А в феврале 1876 г. Репин, намереваясь вновь поставить кое-что на выставку в Салон, на этот раз уже предусмотрительно, на всякий, случай, испрашивает на это разрешение Исеева: «Осмеливаюсь обратиться к вам со всепокорнейшей просьбой, позвольте выставить на парижскую выставку этюд с натуры, простой этюд: для того только, чтобы иметь право дарового входа и хоть искоса взглянуть на свои успехи в последнее время (если они окажутся).
«Надеюсь, вы мне разрешите сию скромную просьбу, Академия здесь ничего не теряет, теряю только я, если вещь попадет в рефюзе»{169}
.Видно, до чего Репину не хотелось ссориться с Академией и особенно с ее всесильным конференц-секретарем.
Почва была подготовлена, и Репин мот смело возвращаться в Петербург, не опасаясь враждебной встречи в Академии. В последнее время, благодаря успеху его небольших вещиц и этюдов в Париже, ему удалось околотить кое-какие деньжонки для безболезненного переезда на родину: сам Дюма-сын только что купил в магазине Дюбуаля поставленный им там этюд мужской головы.
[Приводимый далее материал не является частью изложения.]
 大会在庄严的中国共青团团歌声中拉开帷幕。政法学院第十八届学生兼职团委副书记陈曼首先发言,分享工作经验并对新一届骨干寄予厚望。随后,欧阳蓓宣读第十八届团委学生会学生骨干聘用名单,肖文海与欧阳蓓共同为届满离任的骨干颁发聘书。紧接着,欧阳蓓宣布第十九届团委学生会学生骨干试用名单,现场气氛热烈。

Значительную сумму он получил уже и от наследника за «Садко».
Репин рассчитывал еще на продажу по приезде в Петербург нескольких расписных блюд, сделанных им в конце 1875 и начале 1876 г., в компании с Поленовым, Савицким, Дмитриевым-Оренбургским и Боголюбовым. Сначала приятели собирались друг у друга для росписи блюд, — занятие, которое они именовали «керамикой». «А мы все керамикой занимаемся: пишем на лаве и на блюдах», сообщает он Стасову в феврале 1876 года.
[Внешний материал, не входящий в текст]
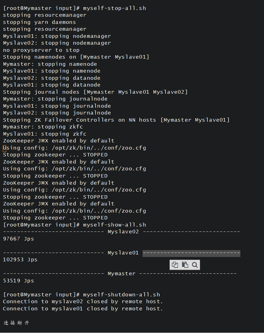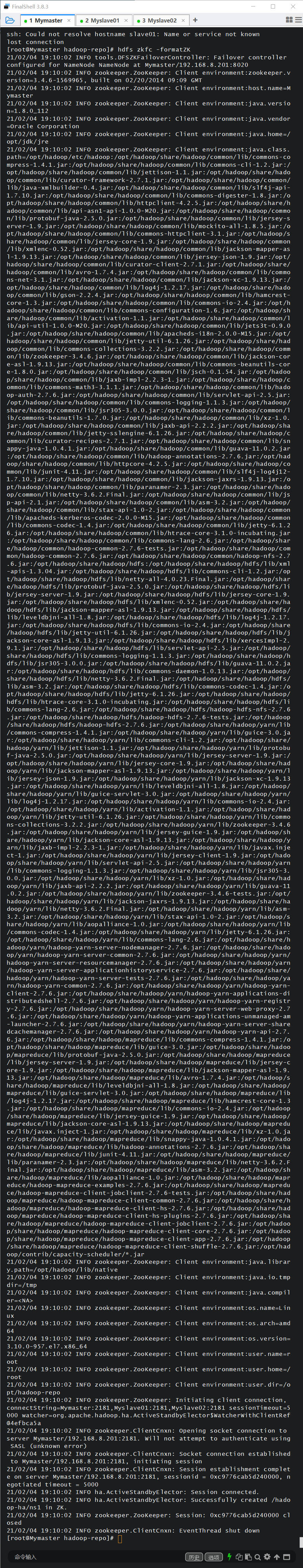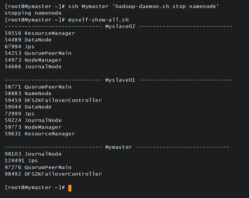 在NameNode进程所处的任何一台节点上格式化zkfc(此处选用Mymaster节点)

Дело это их настолько увлекало, что они вздумали его поставить на широкую ногу. Для этого Репин «зацепил» богача Полякова «за «бока», — «тот пожертвовал 1 000 руб. на первое обзаведение; наняли общую мастерскую и образовали «общество пишущих на лаве»{170}
.Стасова это увлечение «керамикой и лавой» встревожило: он испугался, как бы Репин не ударился всерьез в эту чепуху, забросив живопись. На его осторожные укоры Репин ответил ему успокоительным заявлением, заверяя его, что на керамику, он смотрит не больше, чем на забаву{171}
.Тем временем Стасов успел уже позаботиться об обеспечении сбыта этих «керамик» в Петербурге, где он посоветовал Григоровичу купить их для основанного им при Обществе любителей художеств музея. Григорович обещал взять несколько лучших вещей.
Ко времени этих совместных работ друзей относится и возникновение того чудесного живописного эскиза, который недавно приобретен «Русским музеем» и представляет игру в серсо на лужайке.
Эскиз этот был послан в Куоккала Репину, давшему справку, что он написан совместно им, Поленовым и Дмитриевым-Оренбургским. Но вернее будет сказать, что в том виде, в каком мы его видим сейчас, он почти всецело принадлежит Репину, участие же его двух товарищей, вероятно, ограничилось выдумкой сюжета и предварительной композицией.
Чем ближе подходил срок отъезда, тем более росло нетерпение Репина. Как в Италии он восклицал: «В Париж, в Париж!», — так в Париже непрестанно вздыхает: «Скорее бы в Россию!»
В апреле 1876 г. квартира и мастерская были уже сданы, с 1 июля i их надо было освободить. «Садко» подвигался к концу{172}
.Наконец картина окончена, все упаковано, сдано в багаж, и Репины могли тронуться в путь.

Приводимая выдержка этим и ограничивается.